Aphanotorulus horridus
- Conservation status: Least Concern (IUCN 3.1)

Scientific classification
- Kingdom: Animalia
- Phylum: Chordata
- Class: Actinopterygii
- Division: Teleostei
- Order: Siluriformes
- Family: Loricariidae
- Genus: Aphanotorulus
- Species: A. horridus
- Binomial name: Aphanotorulus horridus (Kner, 1854)
- Synonyms: Hypostomus horridus Kner, 1854 ; Squaliforma horrida (Kner, 1854) ; Plecostomus scopularius Cope, 1871 ; Hypostomus scopularius (Cope, 1871) ; Squaliforma scopularia (Cope, 1871) ; Plecostomus biseriatus Cope, 1872 ; Hypostomus biseriatus (Cope, 1872) ; Squaliforma biseriata (Cope, 1872) ; Plecostomus virescens Cope, 1874 ; Hypostomus virescens (Cope, 1874) ; Squaliforma virescens (Cope, 1874) ;

= Aphanotorulus horridus =

- Authority: (Kner, 1854)
- Conservation status: LC

Species of catfish

Aphanotorulus horridus belonging to the family Loricariidae, the suckermouth armored catfishes, and the subfamily Hypostominae, the suckermouth catfishes.

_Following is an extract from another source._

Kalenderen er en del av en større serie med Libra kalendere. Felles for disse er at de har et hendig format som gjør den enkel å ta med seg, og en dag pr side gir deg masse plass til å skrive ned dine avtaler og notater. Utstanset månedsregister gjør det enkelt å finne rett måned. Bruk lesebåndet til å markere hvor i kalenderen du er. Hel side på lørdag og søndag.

The generic name "Aphanotorulus" is derived from greek word, aphanes, meaning hidden, and latin word, torulus, meaning muscle, little string. It is native to South America, where it occurs in the Madeira River basin. The species reaches 35.5 cm SL. It is thought to be a facultative air-breather.

==Taxonomy and classification==
A. horridus was originally described as Hypostomus horridus by Rudolf Kner in 1854, although it was transferred to the genus Squaliforma (now considered invalid) after the genus' designation by I. J. H. Isbrücker, I. Seidel, J. Michels, E. Schraml, and A. Werner in 2001. In 2004, Jonathan W. Armbruster classified the species within Hypostomus instead of Squaliforma. In 2016, following a review of Isorineloricaria and Aphanotorulus by C. Keith Ray and Armbruster (both of Auburn University), the species was reclassified as a member of Aphanotorulus. This 2016 review also found three other former Squaliforma species (S. biseriata, S. scopularia, and S. virescens) to be synonymous with A. horridus.

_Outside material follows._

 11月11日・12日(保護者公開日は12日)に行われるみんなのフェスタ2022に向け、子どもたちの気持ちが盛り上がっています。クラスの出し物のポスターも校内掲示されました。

A. horridus sometimes appears in the aquarium trade, where it is typically referred to either as the long-head pleco or by one of two associated L-numbers, which are L-290 and L-291.

==Habitat==
They are located in South America regions like Madeira River basin, Amazon, Middle Amazon (Solimoes), Madeira, Aripuanã, Upper Amazon, Marañón, Morona.